**Supplied material**
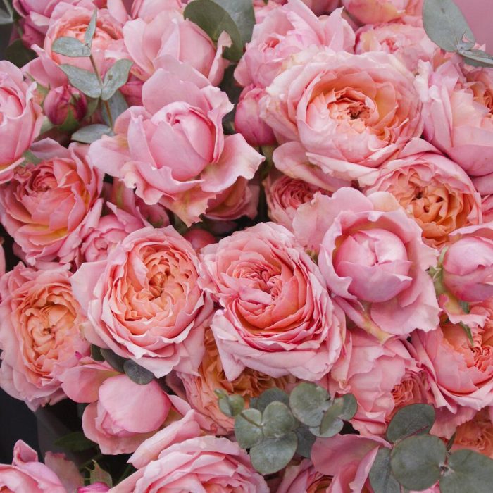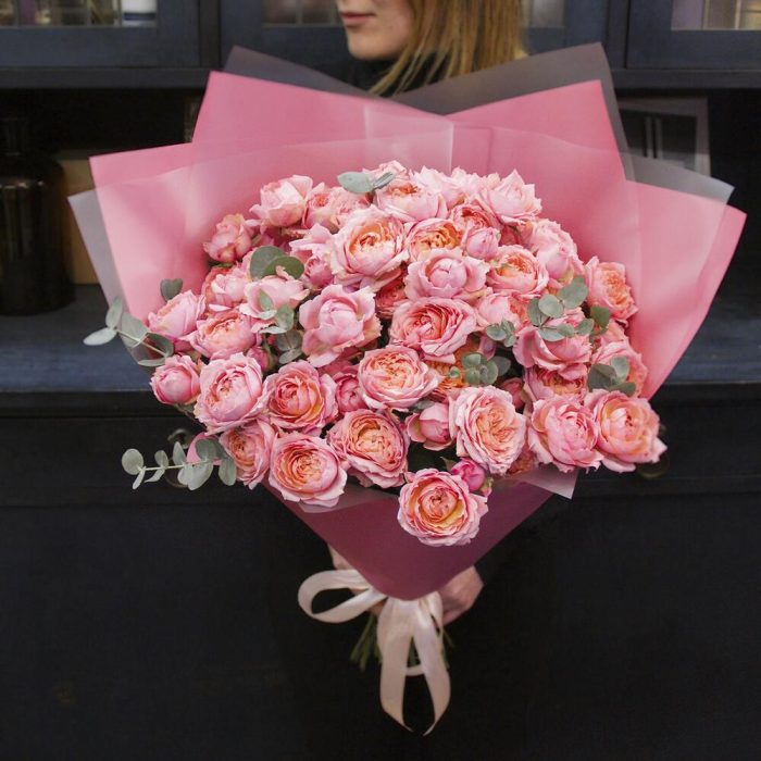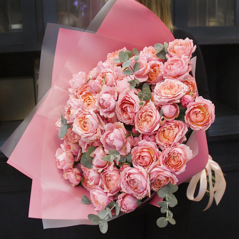 Большой букет из 15 кустовых пионовидных роз Джульетта с эвкалиптом
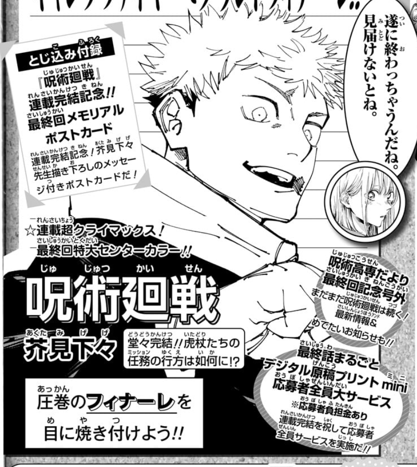 話のまとめやすさとか考えると渋谷事変までかな - 19二次元好きの匿名さん24/09/18(水) 07:59:16
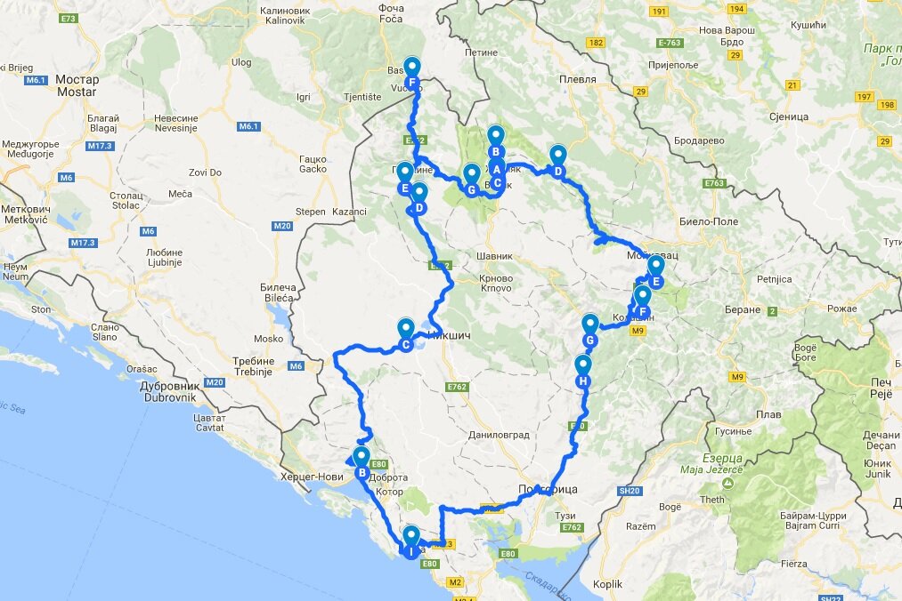 2 день (на карте): панорама Чуревац – подъемник на Савин Кук – мост Дужрджевича – каньон Тары – нацпарк Биоградская гора – Колашин и ресторан «Савардак» – монастырь Морача – подвесной мост на реке Морача – дорога домой

**Exercise**
Write out an exact copy of the lines beginning at the line that contains "話のまとめやすさとか考えると渋谷事変までかな - 19二次元好きの匿名さん24/09/18(水)" and ending at the last line of the listing. Exclude pictures.

**Result of this exercise**
 話のまとめやすさとか考えると渋谷事変までかな - 19二次元好きの匿名さん24/09/18(水) 07:59:16
 2 день (на карте): панорама Чуревац – подъемник на Савин Кук – мост Дужрджевича – каньон Тары – нацпарк Биоградская гора – Колашин и ресторан «Савардак» – монастырь Морача – подвесной мост на реке Морача – дорога домой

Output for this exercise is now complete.